Le CPL continue de faire une fixation sur la partie qui va nommer les ministres. Est-ce une excuse selon vous ou un argument justifié ?
Écoutez, chacun doit quand même assumer ses responsabilités dans ce blocage. Au début et lorsque les deux parties étaient encore en pourparlers et que les négociations allaient bon train, c’est M. Hariri qui a proposé à M. Aoun de lui confier le portefeuille de la Justice. Par la suite, il s’est rétracté. Ils sont ensuite parvenus à une solution médiane, qui consistait à laisser l’Intérieur à M. Aoun qui devait le confier à Souheil Abboud (le président du Conseil supérieur de la magistrature) et la Justice à M. Hariri qui proposerait un nom que M. Aoun aurait également avalisé.
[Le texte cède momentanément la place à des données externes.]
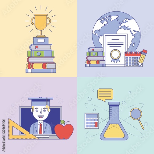 Profesionální programátor vektorový plochý styl designu ilustrace. Ruční žárovka, stolní počítač s lidským mozkem, robotem atd. Koncept vývojáře softwaru pro webový banner, webová stránka.
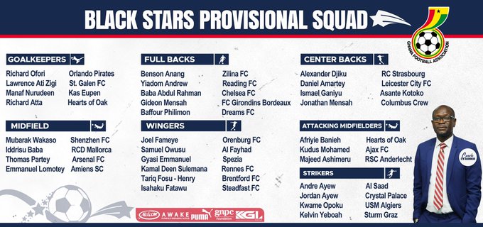 Ghana coach named a provisional 30-man squad for the 2022 FIFA World Cup qualification tournament that begins in September but that were just two Hearts of Oak players despite the remarkable season of the Phobians.

Puis tout a été chamboulé.
Dans quelle mesure ce blocage relève selon vous d’une guerre d’ego entre Bassil et Hariri ?
Il y a une guerre d’ego et en même temps derrière cette rupture entre Gebran Bassil et Saad Hariri j’ai la vague impression qu’il y a certaines ambassades qui ont posé certaines conditions.
A la question : ""La valse diplomatique de ces derniers jours peut-elle favoriser le déblocage de la situation ?"" Sa réponse, est une façon pour le chef politico-militaire des druzes de se démarquer de la crise, sur le ton, tout n’est pas de notre faute, nous les chefs qui sont aux affaires depuis longtemps et que donc, il y a des interférences étrangères, et pour remédier à tout cela, rien que de se remettre dans le giron libano-libanais, comme c’est très simple de s’entendre entre Libanais. On oublie de dire que dans tous les cas de figure, ce sont les chefs libanais avec leur lamentable gestion de la crise, et point d’interférence. Quelle est alors la formule magique pour s’en sortir ? Il croit aux chances de "la valse diplomatique". Il faudrait interroger le "gendre" sur le nom d’un autre formateur sunnite qui représente les sunnites, et là on se heurte aux refus de qui ? Le fin fond de la crise se joue dans les coulisses libanaises, et le mandat va bientôt sur un échec total. Un mot sur la politique variable du chef druze, et là je ne peux que citer Aristide Briand à ce propos : ""son discours est clair comme l’eau de roche et prend la forme de toutes les carafes"". Bonne journée.